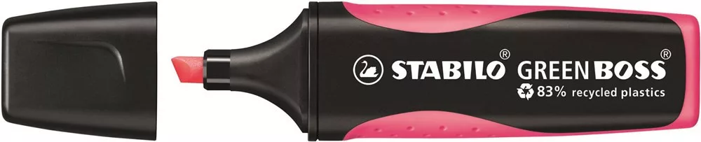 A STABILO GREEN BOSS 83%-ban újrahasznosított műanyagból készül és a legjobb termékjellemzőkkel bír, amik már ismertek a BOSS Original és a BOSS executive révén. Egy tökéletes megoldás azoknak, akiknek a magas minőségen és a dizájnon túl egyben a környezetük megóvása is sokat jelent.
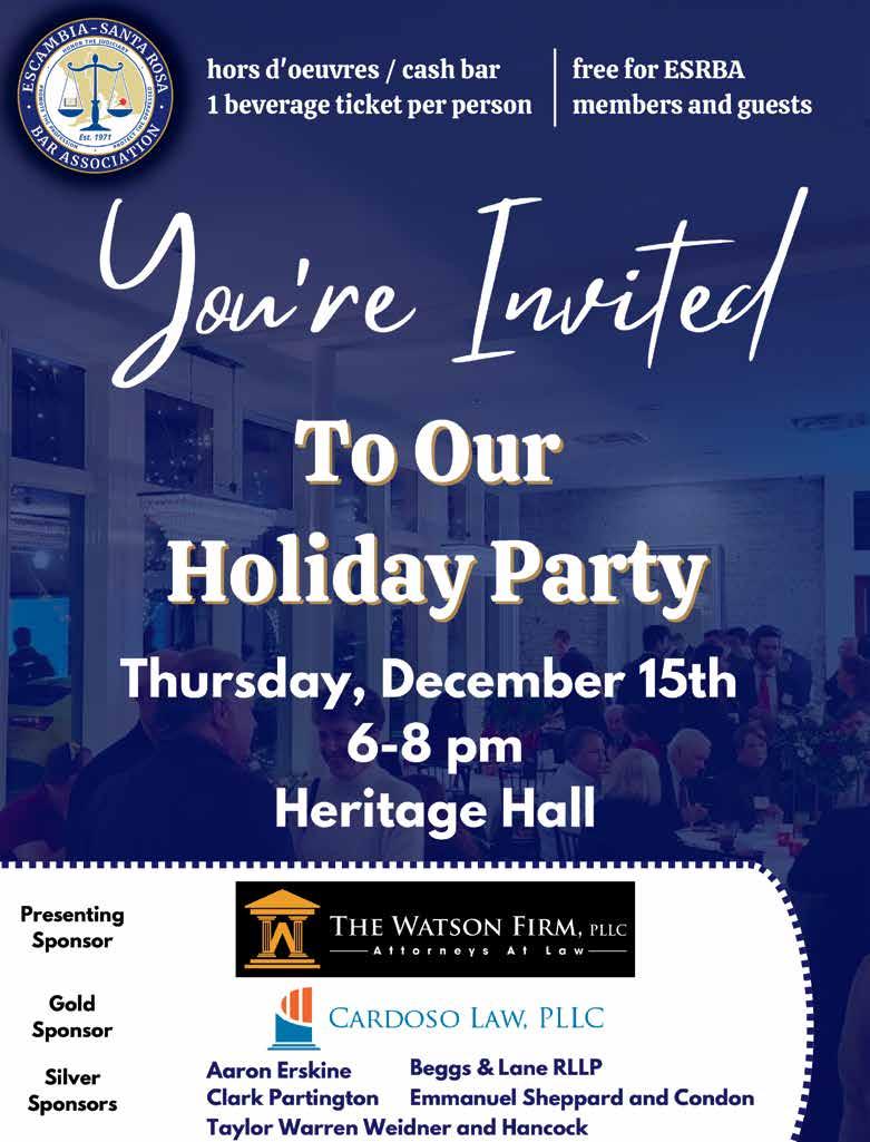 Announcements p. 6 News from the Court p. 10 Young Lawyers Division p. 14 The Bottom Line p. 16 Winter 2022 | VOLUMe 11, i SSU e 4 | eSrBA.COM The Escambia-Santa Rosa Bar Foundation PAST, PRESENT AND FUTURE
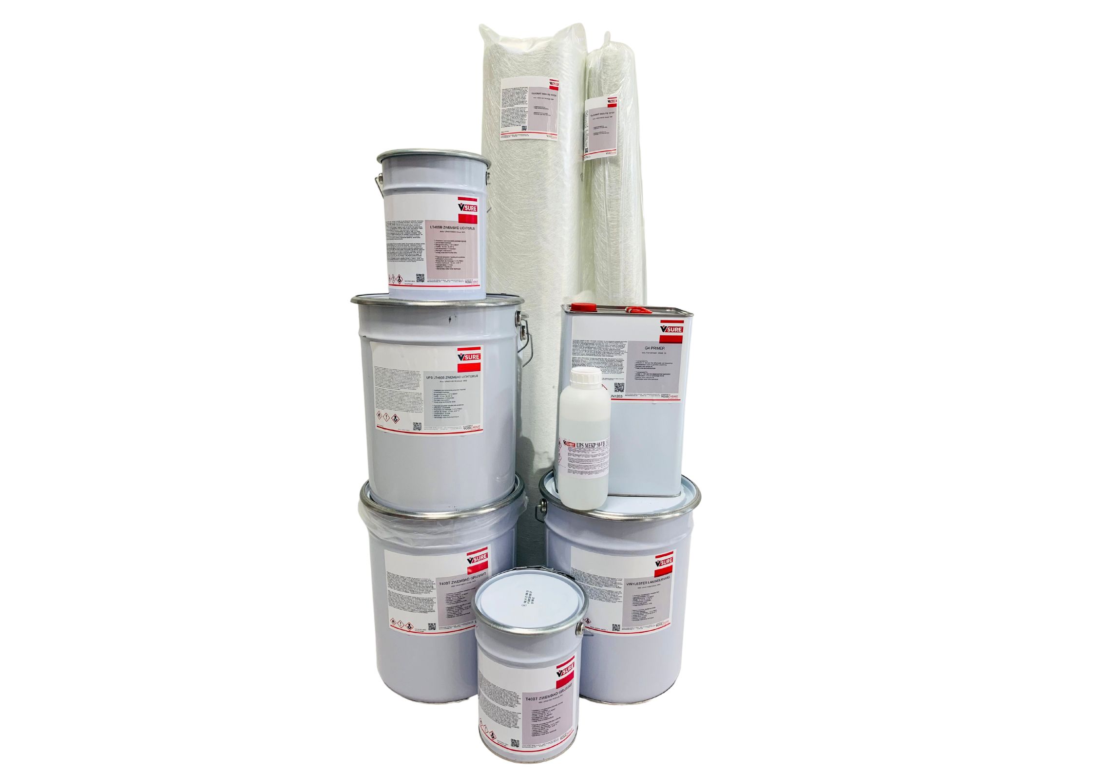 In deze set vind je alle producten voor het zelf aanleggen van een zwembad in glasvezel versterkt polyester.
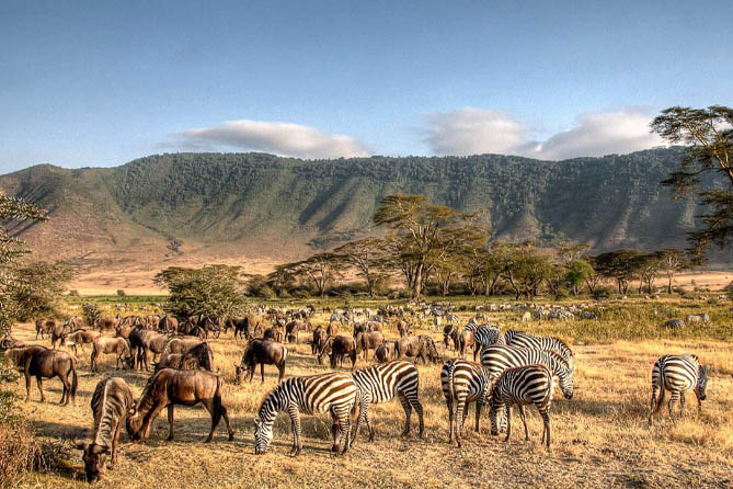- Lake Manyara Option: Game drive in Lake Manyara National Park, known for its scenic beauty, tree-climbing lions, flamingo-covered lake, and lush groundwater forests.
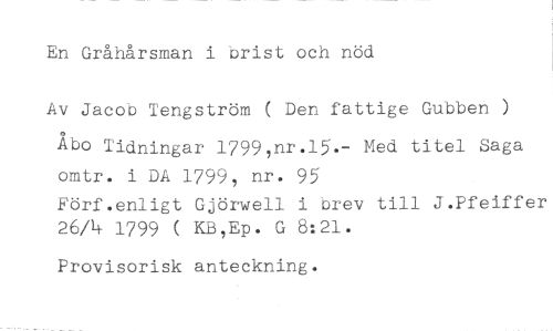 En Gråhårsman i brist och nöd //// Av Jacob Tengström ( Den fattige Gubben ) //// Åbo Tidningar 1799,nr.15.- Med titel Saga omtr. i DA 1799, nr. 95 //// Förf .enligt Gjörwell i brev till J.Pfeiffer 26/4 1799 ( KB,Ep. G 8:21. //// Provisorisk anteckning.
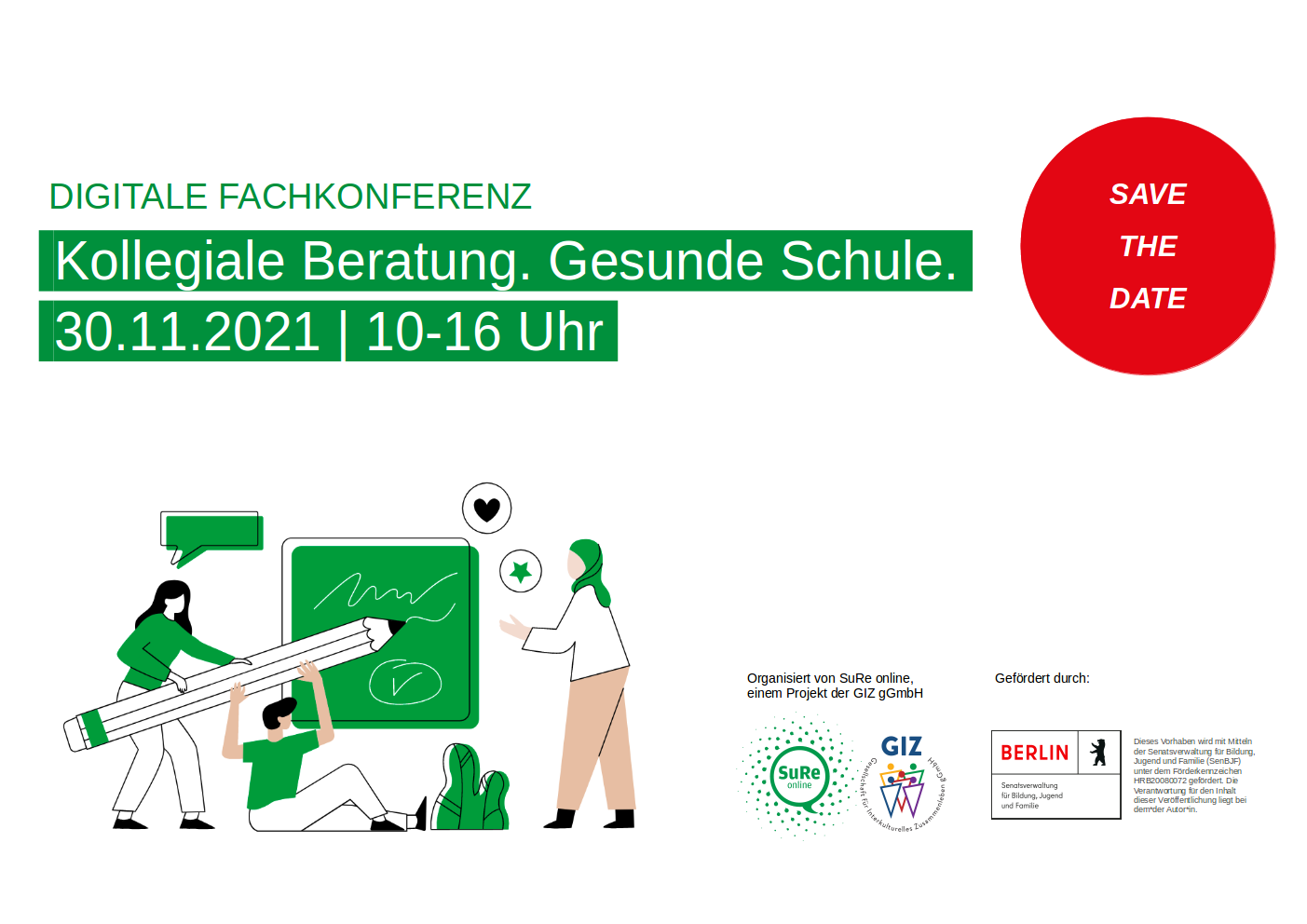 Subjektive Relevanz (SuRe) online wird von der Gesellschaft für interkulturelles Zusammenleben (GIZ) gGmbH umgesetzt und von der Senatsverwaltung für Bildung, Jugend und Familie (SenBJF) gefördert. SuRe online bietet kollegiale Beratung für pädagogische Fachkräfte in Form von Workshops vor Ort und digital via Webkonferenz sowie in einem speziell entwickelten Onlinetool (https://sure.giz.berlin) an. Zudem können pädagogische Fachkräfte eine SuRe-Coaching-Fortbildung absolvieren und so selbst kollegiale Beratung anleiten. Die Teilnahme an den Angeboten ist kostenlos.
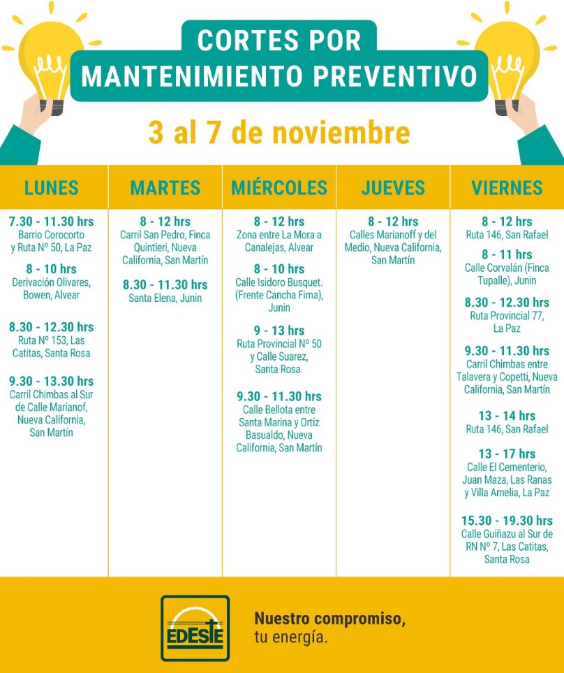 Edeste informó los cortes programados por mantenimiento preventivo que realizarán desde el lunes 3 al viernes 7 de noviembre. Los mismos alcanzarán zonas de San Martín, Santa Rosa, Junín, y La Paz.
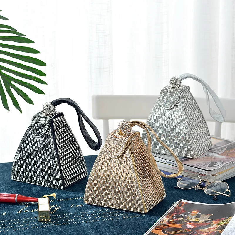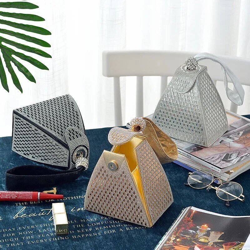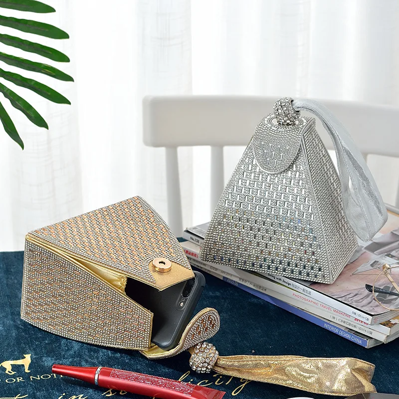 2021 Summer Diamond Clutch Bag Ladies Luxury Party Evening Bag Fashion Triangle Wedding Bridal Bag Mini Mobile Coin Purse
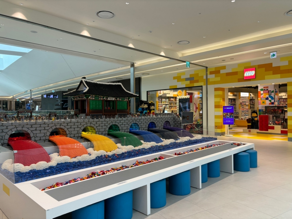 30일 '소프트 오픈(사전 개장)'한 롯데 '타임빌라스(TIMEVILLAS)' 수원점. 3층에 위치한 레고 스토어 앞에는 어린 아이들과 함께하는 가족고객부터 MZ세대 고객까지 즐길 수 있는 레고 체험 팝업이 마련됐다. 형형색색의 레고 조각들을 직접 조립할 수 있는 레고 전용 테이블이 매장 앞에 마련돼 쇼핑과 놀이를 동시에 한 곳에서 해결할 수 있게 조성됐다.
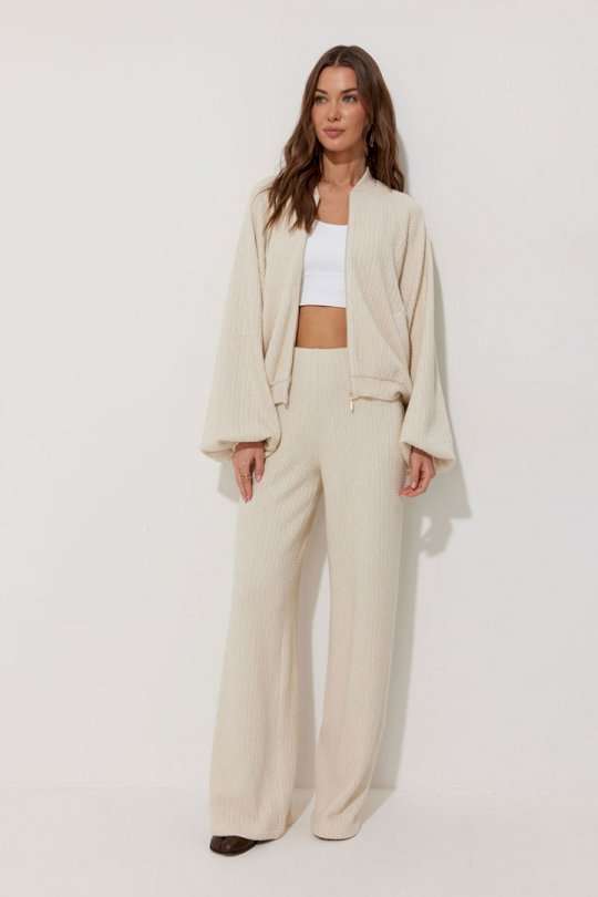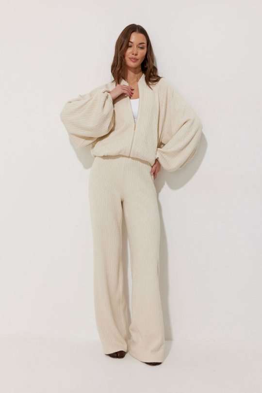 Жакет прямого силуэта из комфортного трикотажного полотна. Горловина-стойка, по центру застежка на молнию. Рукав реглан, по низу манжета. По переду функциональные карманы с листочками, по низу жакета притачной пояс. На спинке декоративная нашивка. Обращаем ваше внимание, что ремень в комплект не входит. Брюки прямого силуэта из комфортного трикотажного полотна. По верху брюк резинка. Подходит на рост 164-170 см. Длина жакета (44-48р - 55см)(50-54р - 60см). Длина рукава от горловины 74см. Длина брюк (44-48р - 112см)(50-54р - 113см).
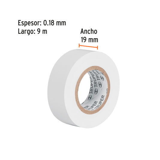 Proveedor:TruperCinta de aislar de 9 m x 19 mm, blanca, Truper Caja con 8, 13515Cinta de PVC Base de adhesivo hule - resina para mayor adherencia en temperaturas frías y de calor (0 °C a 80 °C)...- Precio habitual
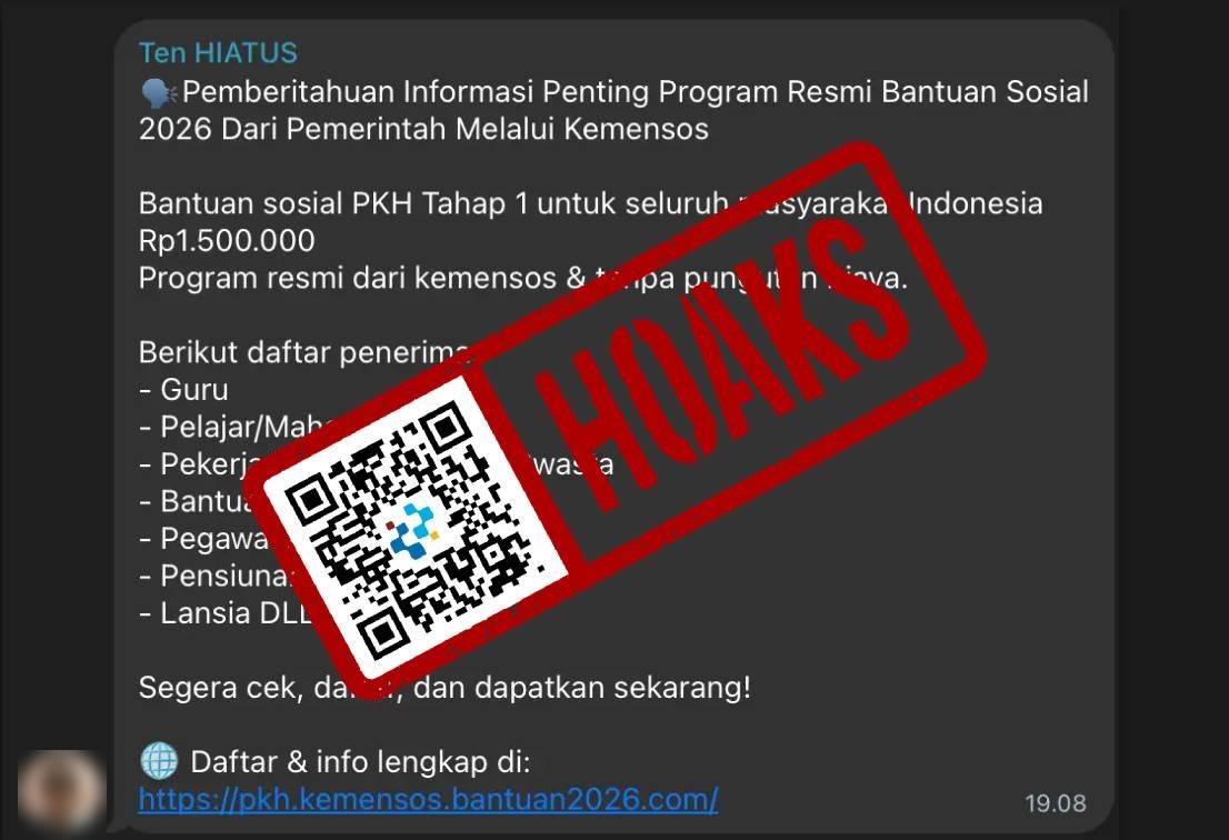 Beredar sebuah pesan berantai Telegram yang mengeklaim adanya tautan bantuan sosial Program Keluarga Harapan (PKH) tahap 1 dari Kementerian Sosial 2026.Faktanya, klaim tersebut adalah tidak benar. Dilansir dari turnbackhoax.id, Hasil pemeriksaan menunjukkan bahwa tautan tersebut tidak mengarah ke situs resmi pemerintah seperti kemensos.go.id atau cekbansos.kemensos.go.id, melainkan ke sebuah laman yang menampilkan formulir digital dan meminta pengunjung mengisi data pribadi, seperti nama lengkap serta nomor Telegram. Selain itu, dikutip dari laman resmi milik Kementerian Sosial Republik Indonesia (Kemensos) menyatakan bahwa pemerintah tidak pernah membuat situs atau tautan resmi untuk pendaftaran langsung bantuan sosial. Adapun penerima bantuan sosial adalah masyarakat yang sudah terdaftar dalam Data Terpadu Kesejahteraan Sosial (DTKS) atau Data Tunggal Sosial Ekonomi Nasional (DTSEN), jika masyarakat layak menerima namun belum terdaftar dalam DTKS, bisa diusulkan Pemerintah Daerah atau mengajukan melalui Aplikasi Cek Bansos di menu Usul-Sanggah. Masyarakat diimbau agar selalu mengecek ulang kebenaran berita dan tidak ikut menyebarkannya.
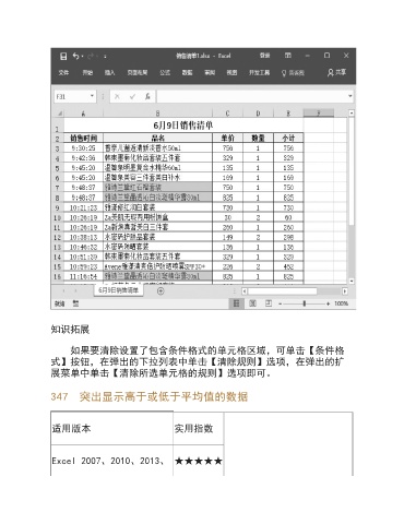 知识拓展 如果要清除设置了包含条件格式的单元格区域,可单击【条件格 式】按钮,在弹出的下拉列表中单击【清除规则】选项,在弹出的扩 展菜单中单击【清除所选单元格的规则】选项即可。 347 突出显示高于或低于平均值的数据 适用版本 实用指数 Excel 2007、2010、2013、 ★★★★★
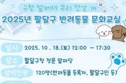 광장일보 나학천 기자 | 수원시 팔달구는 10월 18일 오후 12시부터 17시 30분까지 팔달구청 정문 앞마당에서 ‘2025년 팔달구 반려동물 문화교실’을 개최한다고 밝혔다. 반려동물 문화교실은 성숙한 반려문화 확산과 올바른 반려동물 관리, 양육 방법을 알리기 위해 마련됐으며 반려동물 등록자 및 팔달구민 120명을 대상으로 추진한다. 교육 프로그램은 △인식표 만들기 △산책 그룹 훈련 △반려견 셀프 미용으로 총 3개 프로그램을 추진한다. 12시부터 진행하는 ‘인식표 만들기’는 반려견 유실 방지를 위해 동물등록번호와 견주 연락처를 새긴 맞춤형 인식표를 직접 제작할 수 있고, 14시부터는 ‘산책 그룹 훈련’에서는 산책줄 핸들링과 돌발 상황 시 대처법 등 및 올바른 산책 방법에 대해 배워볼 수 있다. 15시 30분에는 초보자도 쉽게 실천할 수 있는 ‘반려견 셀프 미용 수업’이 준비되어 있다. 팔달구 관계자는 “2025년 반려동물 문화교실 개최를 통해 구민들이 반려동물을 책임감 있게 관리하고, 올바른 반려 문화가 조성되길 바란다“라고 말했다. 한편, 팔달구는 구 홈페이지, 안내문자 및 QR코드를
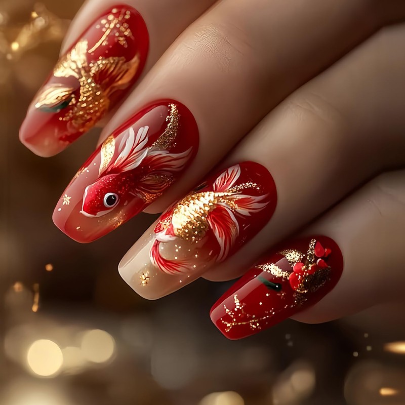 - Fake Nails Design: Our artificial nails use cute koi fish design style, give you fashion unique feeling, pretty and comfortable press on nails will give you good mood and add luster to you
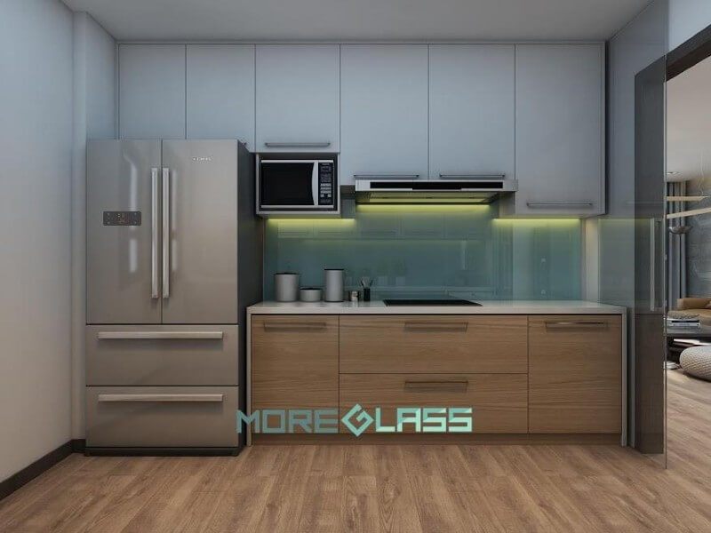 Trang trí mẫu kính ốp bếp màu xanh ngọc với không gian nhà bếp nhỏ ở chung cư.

PROBLEM DETAILS: In the listing above, find the line containing "2021 Summer Diamond". Output it and every line after it up to and including the line containing "Proveedor:TruperCinta de aislar", exactly, but skip the pictures.

RESULT FOR THIS EXERCISE:
 2021 Summer Diamond Clutch Bag Ladies Luxury Party Evening Bag Fashion Triangle Wedding Bridal Bag Mini Mobile Coin Purse
 30일 '소프트 오픈(사전 개장)'한 롯데 '타임빌라스(TIMEVILLAS)' 수원점. 3층에 위치한 레고 스토어 앞에는 어린 아이들과 함께하는 가족고객부터 MZ세대 고객까지 즐길 수 있는 레고 체험 팝업이 마련됐다. 형형색색의 레고 조각들을 직접 조립할 수 있는 레고 전용 테이블이 매장 앞에 마련돼 쇼핑과 놀이를 동시에 한 곳에서 해결할 수 있게 조성됐다.
 Жакет прямого силуэта из комфортного трикотажного полотна. Горловина-стойка, по центру застежка на молнию. Рукав реглан, по низу манжета. По переду функциональные карманы с листочками, по низу жакета притачной пояс. На спинке декоративная нашивка. Обращаем ваше внимание, что ремень в комплект не входит. Брюки прямого силуэта из комфортного трикотажного полотна. По верху брюк резинка. Подходит на рост 164-170 см. Длина жакета (44-48р - 55см)(50-54р - 60см). Длина рукава от горловины 74см. Длина брюк (44-48р - 112см)(50-54р - 113см).
 Proveedor:TruperCinta de aislar de 9 m x 19 mm, blanca, Truper Caja con 8, 13515Cinta de PVC Base de adhesivo hule - resina para mayor adherencia en temperaturas frías y de calor (0 °C a 80 °C)...- Precio habitual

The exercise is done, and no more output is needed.